Activity: Every line of the data below should be retyped exactly, with no images carried over.

Data for the task:
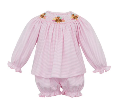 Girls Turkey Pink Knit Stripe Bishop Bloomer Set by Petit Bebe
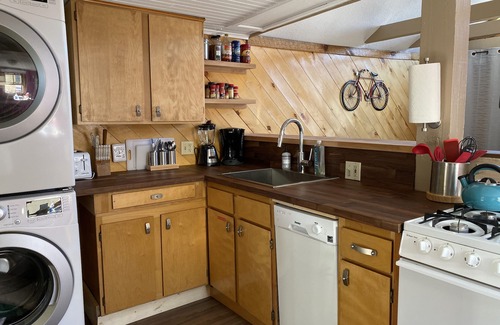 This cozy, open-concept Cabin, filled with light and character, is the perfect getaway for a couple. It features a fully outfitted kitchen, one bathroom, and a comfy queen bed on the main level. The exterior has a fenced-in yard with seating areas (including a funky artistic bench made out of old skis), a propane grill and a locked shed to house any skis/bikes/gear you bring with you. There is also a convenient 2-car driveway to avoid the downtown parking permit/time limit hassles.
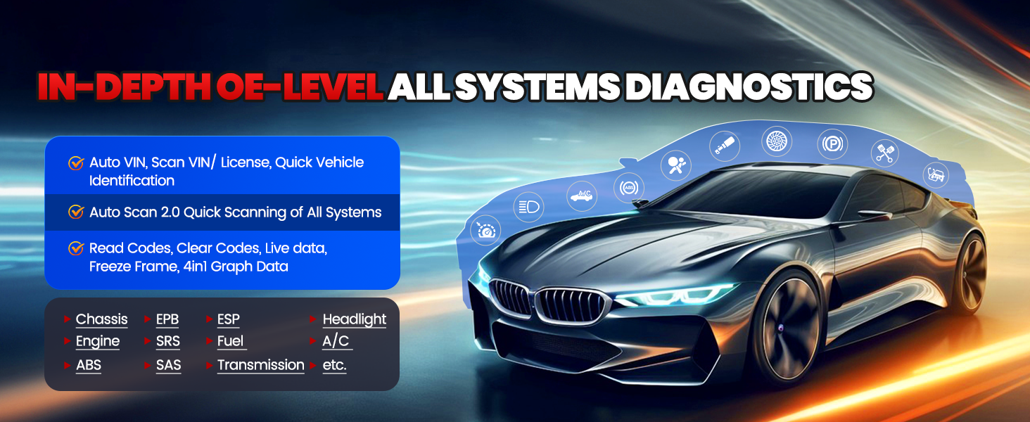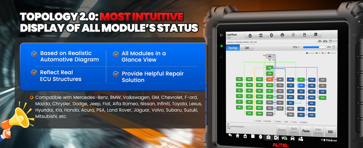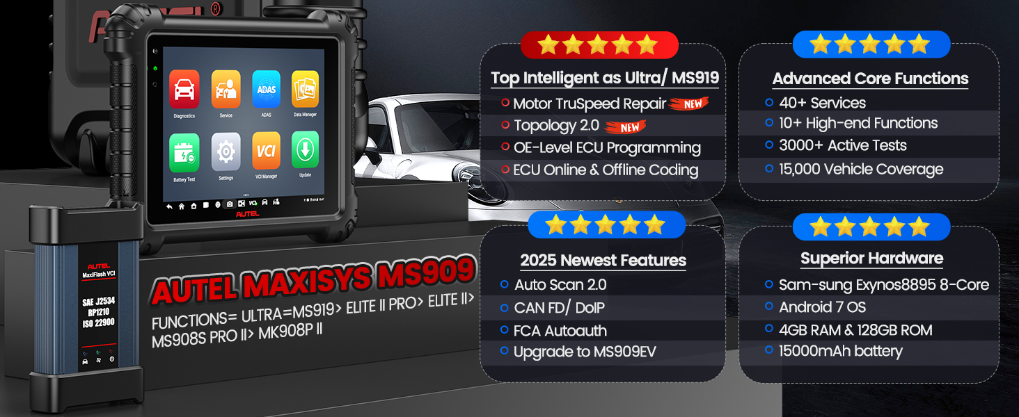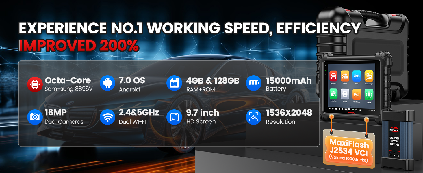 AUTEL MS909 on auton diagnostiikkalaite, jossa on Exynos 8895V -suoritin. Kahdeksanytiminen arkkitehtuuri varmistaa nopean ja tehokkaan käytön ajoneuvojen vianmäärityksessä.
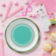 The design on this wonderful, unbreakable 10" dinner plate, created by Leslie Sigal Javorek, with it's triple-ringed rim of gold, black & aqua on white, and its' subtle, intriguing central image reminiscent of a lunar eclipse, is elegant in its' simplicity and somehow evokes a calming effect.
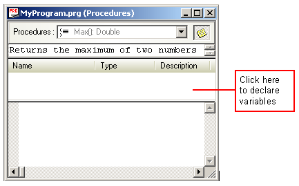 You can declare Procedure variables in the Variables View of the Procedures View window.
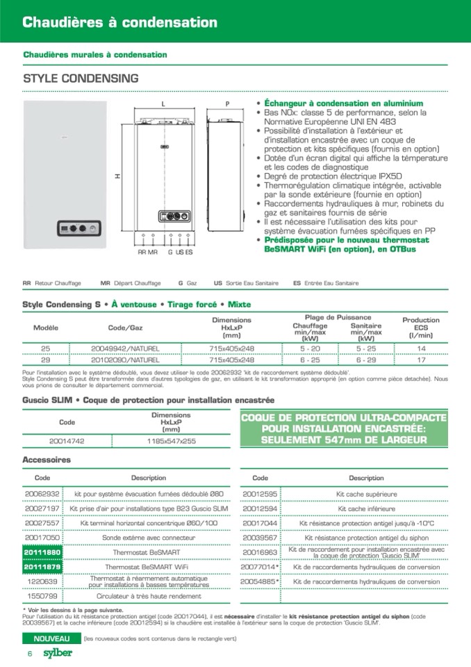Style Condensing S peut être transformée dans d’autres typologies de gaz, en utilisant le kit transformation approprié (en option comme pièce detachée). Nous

Task answer:
 Girls Turkey Pink Knit Stripe Bishop Bloomer Set by Petit Bebe
 This cozy, open-concept Cabin, filled with light and character, is the perfect getaway for a couple. It features a fully outfitted kitchen, one bathroom, and a comfy queen bed on the main level. The exterior has a fenced-in yard with seating areas (including a funky artistic bench made out of old skis), a propane grill and a locked shed to house any skis/bikes/gear you bring with you. There is also a convenient 2-car driveway to avoid the downtown parking permit/time limit hassles.
 AUTEL MS909 on auton diagnostiikkalaite, jossa on Exynos 8895V -suoritin. Kahdeksanytiminen arkkitehtuuri varmistaa nopean ja tehokkaan käytön ajoneuvojen vianmäärityksessä.
 The design on this wonderful, unbreakable 10" dinner plate, created by Leslie Sigal Javorek, with it's triple-ringed rim of gold, black & aqua on white, and its' subtle, intriguing central image reminiscent of a lunar eclipse, is elegant in its' simplicity and somehow evokes a calming effect.
 You can declare Procedure variables in the Variables View of the Procedures View window.
Style Condensing S peut être transformée dans d’autres typologies de gaz, en utilisant le kit transformation approprié (en option comme pièce detachée). Nous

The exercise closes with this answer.